What did WorldCom say?

The company said an internal audit had discovered that $3.3bn in

profits were improperly recorded on its books from 1999 to the first quarter
of 2002. That is on top of the $3.8bn in expenses the company said it had
improperly reported as capital investments. WorldCom now says it must
issue revised financial statements for 2000 and 1999 as well. The revision
will reduce 2000 profits by more than $3.2bn, but this may not be the end of
accounting horrors as the company warned it may find more problems.

Is there a new twist to the latest disclosures?

WorldCom said most of the $3.3bn irregularity involved the
manipulation of reserves. Companies set aside reserves to cover estimated
losses such as uncollected payments from customers and judgements in
lawsuits and other expected costs.

Are reserves normal business practice?

It is a perfectly legitimate practice, like setting aside funds for a rainy
day. But reserves can be abused to create the accounting equivalent of a
slush fund. If a company wanted to massage profits to meet Wall Street
expectations it can transfer the necessary sums from the reserve. The
suspicion is that WorldCom deliberately inflated its reserves to be able to dip
into them to boost profits in order to meet profit projections.

Who is to blame?
WorldCom's chief executive, John Sidgmore, blamed the company's
former chief financial officer, Scott Sullivan, and the former controller, David
Myers. The two were fired for claiming $3.8bn in regular expenses as capital
investment in 2001. The pair were arrested in New York, handcuffed and
paraded in front of TV cameras as part of the Bush's administration
crackdown on corporate crime. Charged with securities fraud, conspiracy and
other charges, they face 65 years in prison. WorldCom's founder and former
chief executive, Bernie Ebbers, says he was unaware of the accounting
problems, and has not been charged.

What is wrong with filing expenses as investment?
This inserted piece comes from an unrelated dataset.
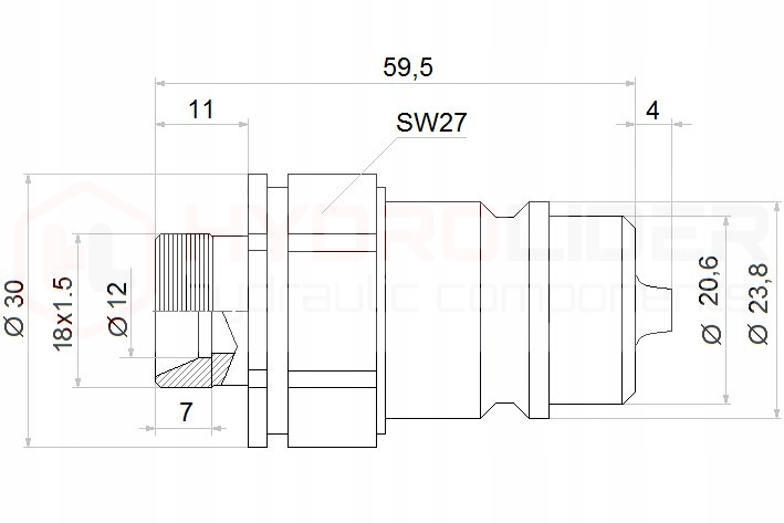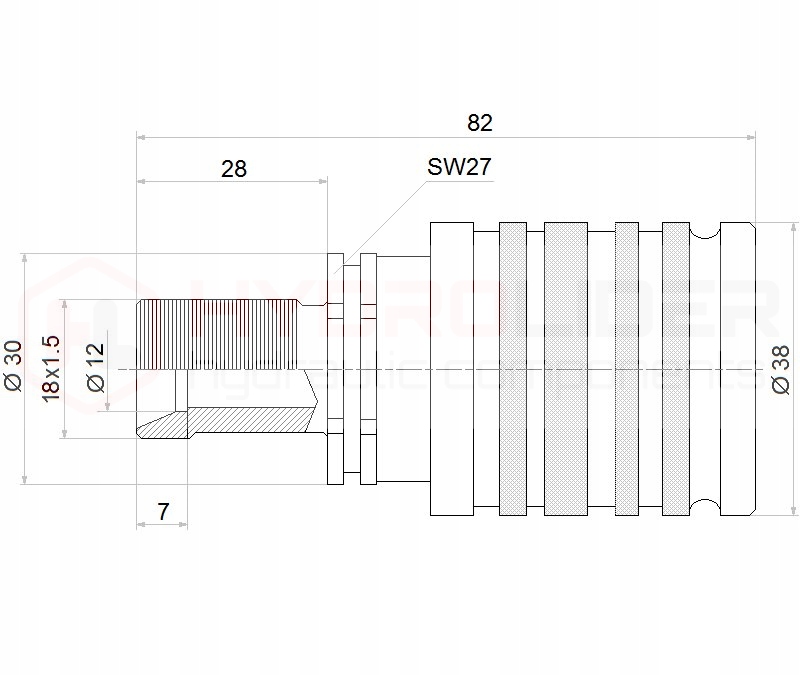 Потік з боку кабелю: Зовнішній метрик 18x1.5

Operating expenses must be subtracted from revenue immediately, while
the cost of capital expenses can be spread over time. Improperly spreading
operating costs inflated WorldCom's profits.

Why did WorldCom's accountants not spot the problem?
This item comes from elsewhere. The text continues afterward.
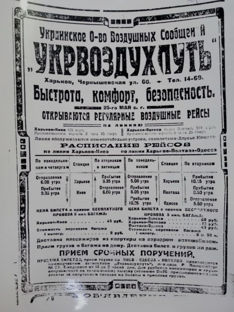 ЗМІСТ раніше розповідав, що рішення про відкриття повітряної бази «Укрвітряшлях» ухвалило в липні 1923 року. На будівництво виділили 150 десятин землі поблизу Київського вокзалу. Так, вже 25 травня 1924 року о 9:00 літак «Червоний хімік» полетів рейсом Харків-Полтава-Київ з чотирма журналістами – першими пасажирами літака. У перший рік роботи аеродром приймав вдень від одного до двох пасажирських літаків на чотири місця.
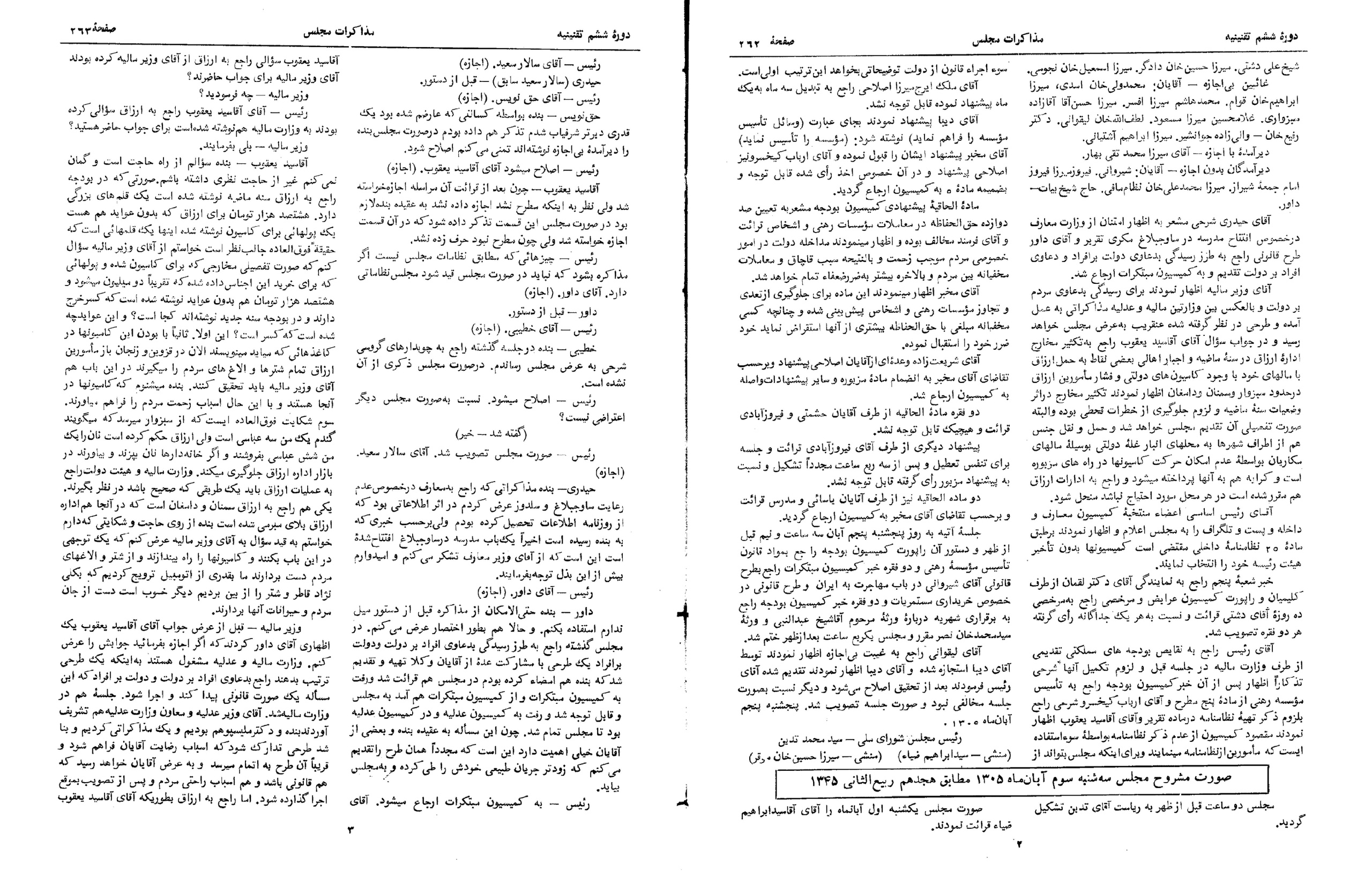 | کنونی | ۷ ژوئیهٔ ۲۰۱۳، ساعت ۱۰:۰۶ | ۳٬۰۳۵×۳٬۹۷۷، ۶ صفحه (۱٫۵۶ مگابایت) | Bijan (گفتگو | مشارکتها) | {{PD-Iran}} رده:مجلس شورای ملی مذاکرات دوره قانونگذاری ششم - ۱۹ تیر ۱۳۰۵ تا ۲۲ امرداد ۱۳۰۷ |

WorldCom's accountants at the time were Arthur Andersen, the same
people that looked after Enron's books as well as other companies hit by
accounting issues - Tyco, Global Crossing and Adelphia. Andersen accused Mr
Sullivan of withholding information from them. The deputy US attorney
general, Larry Thompson, said: "We have to ask where the professionals
were, the accountants and the lawyers."

What is being done to get a proper accounting?

WorldCom has new accountants, KPMG, who have been asked to scour
the books back to 1999. It will be virtually impossible to get an accurate
picture until a comprehensive audit for the past several years is done, a
process expected to last months. The company is also under investigation by
the department of justice and the securities and exchange commission, the
US financial regulator. WorldCom, which has been charged with fraud for
allegedly hiding $1.2bn in losses, is now under bankruptcy protection.

Any other bad news?

WorldCom said it may have to write off $50bn when it restates ifs
finances. One of the largest write-offs in corporate history, that would
amount to the 2001 gross domestic products of Hungary and the Czech
Republic. Only Time Warner's $54bn write-off was bigger.